I did two kinds of tests: one is real kretprobe, the other is throughput
comparison of different queue implementations.

1) kretprobe upon security_file_mprotect

    We found the performance bottleneck due to udp_recvmsg kretprobe in
    our production environment, then re-produced the issue with a lighter
    syscall: mprotect.

    "perf stat" is used to count number of sys_enter_mprotect calligs:
    perf stat -a -I 10000 -e 'syscalls:sys_enter_mprotect' vmstat 1 35

    The user mode program is just a loop of mprotect() to trigger the
    registered kretprobe callbacks. The codes are pushed to:
    https://github.com/mattwuq/kretprobe/blob/main/mprotect/

    I measured both kprobe and kretprobe for 4.14/5.9/5.12. The results
    of kprobe is really good, but kretprobe doesn't scale well (even for
    kernel 5.12 with "kprobes: Remove kretprobe hash").

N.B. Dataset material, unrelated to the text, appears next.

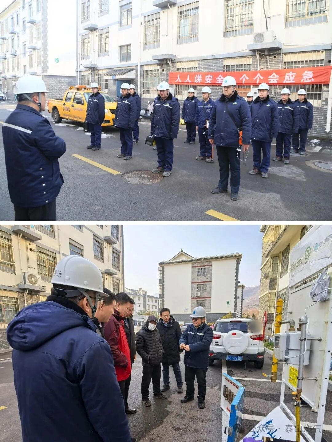 为进一步强化社会公众冬季燃气安全意识,完善燃气突发事件应急处置流程,提升应急响应与协同能力。近日,泰山燃气集团所属泰安泰山港华燃气有限公司在泰山景区规划建设部、大津口乡政府的统一部署下,联合艾洼社区共同开展居民用户燃气突发事件应急抢险演练。泰山景区规划建设部副部长孙灿瑞、大津口乡政府副乡长宋广国到场观摩指导。
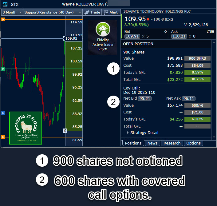 A view of stocks and options within each individual account. This image shows the 900 shares I have that are not currently covered by an option contract and the 600 shares that are part of an option contract. In my traditional IRA I hold 1,500 shares of STX.

2) raw queue throughput benchmarks

    I wrote a module with dedicated kernel threads performing insertions
    and deletions of several freelist implementations for 10ms.

    The codes and test scripts are available at:
    https://github.com/mattwuq/kretprobe/blob/main/scalable/

    1) fl.h: original freelist, LIFO queue based on singly linked list
    2) ra.h: read from random position, write to last read pos
    3) sa.h: array-based queue, per-cpu slot to be equally distributed
    4) saca.h: the proposed version, allocating array with L1 cache line
       aligned for each core
    5) saea.h: make every elelment cache_line aligned
    6) zz.h: a.k.a zigzag, remap numerical order to L1 cache distance,
       for 64bit pointers, 0 to 0, 1 to 8, 2 to 16
    7) cq.h: native circular queue, not used, can not handle reentrance

    Two types of tests are performanced:
    1) throughput bench: with no delay between deletion and insertion
    2) emulation bench of real kretprobe: 1us delay before inserting back

    All the results and charts are available at:
    https://github.com/mattwuq/kretprobe/tree/main/doc/

>> So linear scalability is still not available, limited by the following two
>> considerations:
>>
>> 1. keep it simple: best solution could be an implementation of per-cpu queues,
>>     but it's not applicable for this case due to complexity. After all for
>>     most cases the number of pre-allocated kretprobe instances (maxactive) is
>>     only a small value. If not specified by user during registering, maxactive
>>     is set as CPU cores or 2x when preemption is enabled
>> 2. keep it compact: cache-line-alignment can solve false-sharing and minimize
>>     cache thrashing, but it introduces memory wasting, considering the small
>>     body of structure kretprobe_instance. Secondly the performance improvement
>>     of cache-line-aligned is not significant as expected
> 
> If you really need the linear scalability, drop useless entry-handler and per
> instance data (or just leave the data pointer) and allocate the instance pool
> for each task struct. This is perfectly scalable, because kretprobe instance
> is only for making a shadow stack for the task, not CPU.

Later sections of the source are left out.